It seems that one hand of government does not know what the other is doing.
Finance Minister Michael Wilson has told his provincial counterparts that the federal government is under severe pressure to cut spending. Citing “budgetary problems,” he told the have- not provinces that Ottawa could not find the higher amount of equalization payments they had been led to believe would be forthcoming. Perhaps he should take a hard look at CIDA (Canada’s International Development Agency) which spends upwards of $2 billion each year and with apparent abandon.

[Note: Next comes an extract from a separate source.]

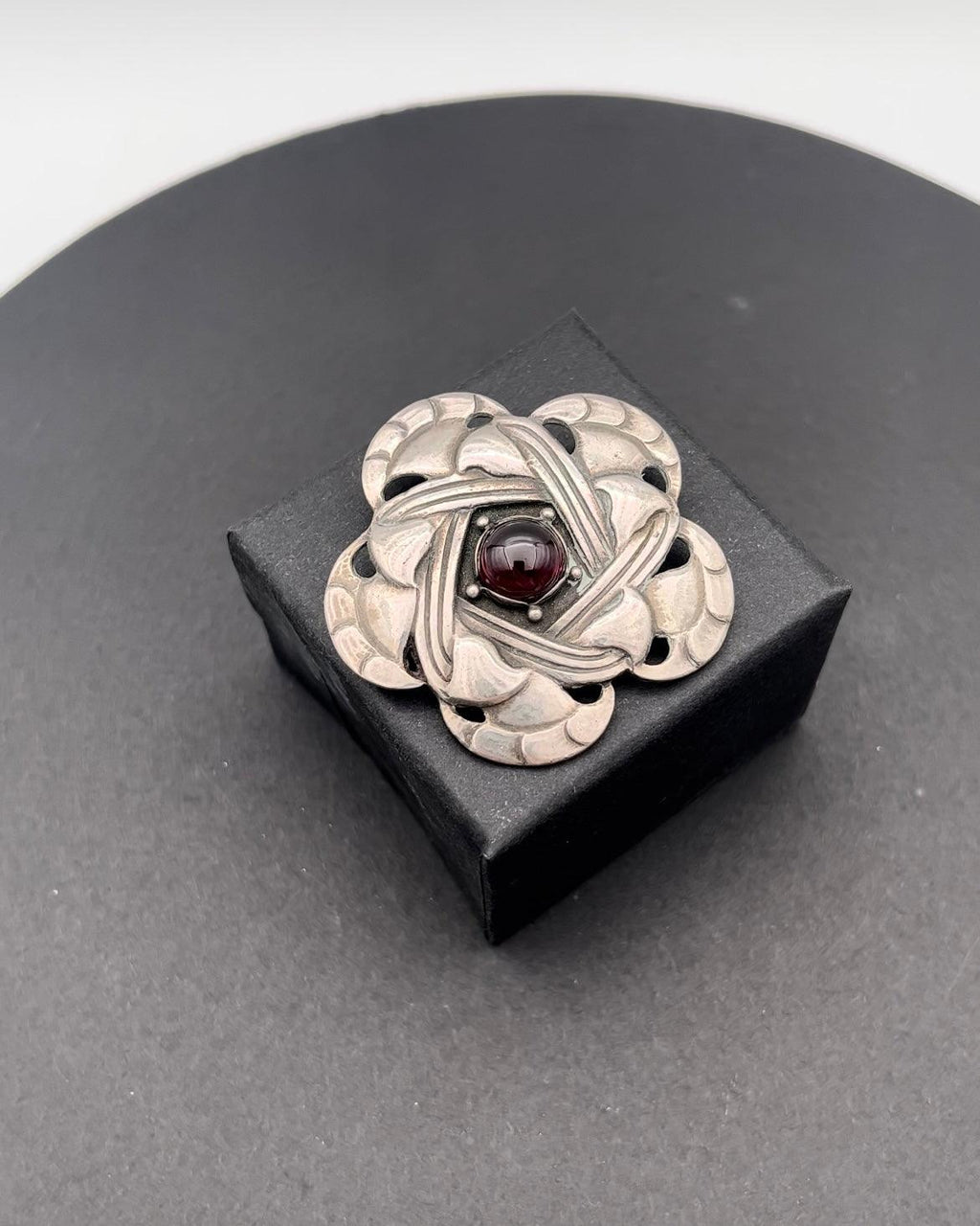 Tidlig Georg Jensen Sølv Broche med Rød Karneol
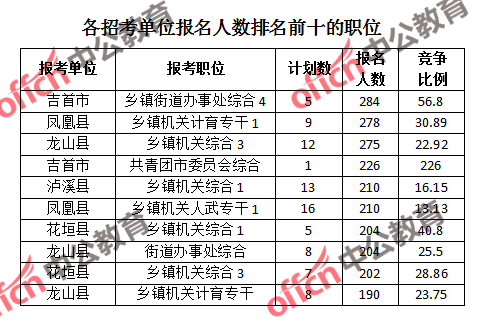 截止27日17時(shí),2017年湘西公務(wù)員報(bào)名人數(shù)最多的前三個(gè)職位為吉首市鄉(xiāng)鎮(zhèn)街道辦事處綜合4(284人報(bào)名)、鳳凰縣鄉(xiāng)鎮(zhèn)機(jī)關(guān)計(jì)育專干1(278人報(bào)名)和龍山縣鄉(xiāng)鎮(zhèn)機(jī)關(guān)綜合3(275人報(bào)名)。

At the very time Ottawa was rejecting provincial pleas for more funding, came a story revealing that CIDA was not only paying a Montreal firm $35 million of federal money to try to rejuvenate a bankrupt state-owned sawmill in Zaire, but has now hired another Quebec firm (at a cost of $1.8 million) to ensure that the first firm abides by its contract to operate the rundown plant. One of the problems, it seems, is that some 25% of the logs being cut by the contractor fail to even reach the mill. Another, it seems, is with the son of the country’s president who apparently purchased large quantities of lumber from the plant but refuses to pay for it.
Why in blazes should our hard-pressed federal treasury be pouring money into a sawmill in Africa? Our own mills here are in deep trouble, with layoffs and closures the order of the day. They would dearly like government handouts.
For a $2-billion saving, we would be inclined to axe the entire CIDA agency.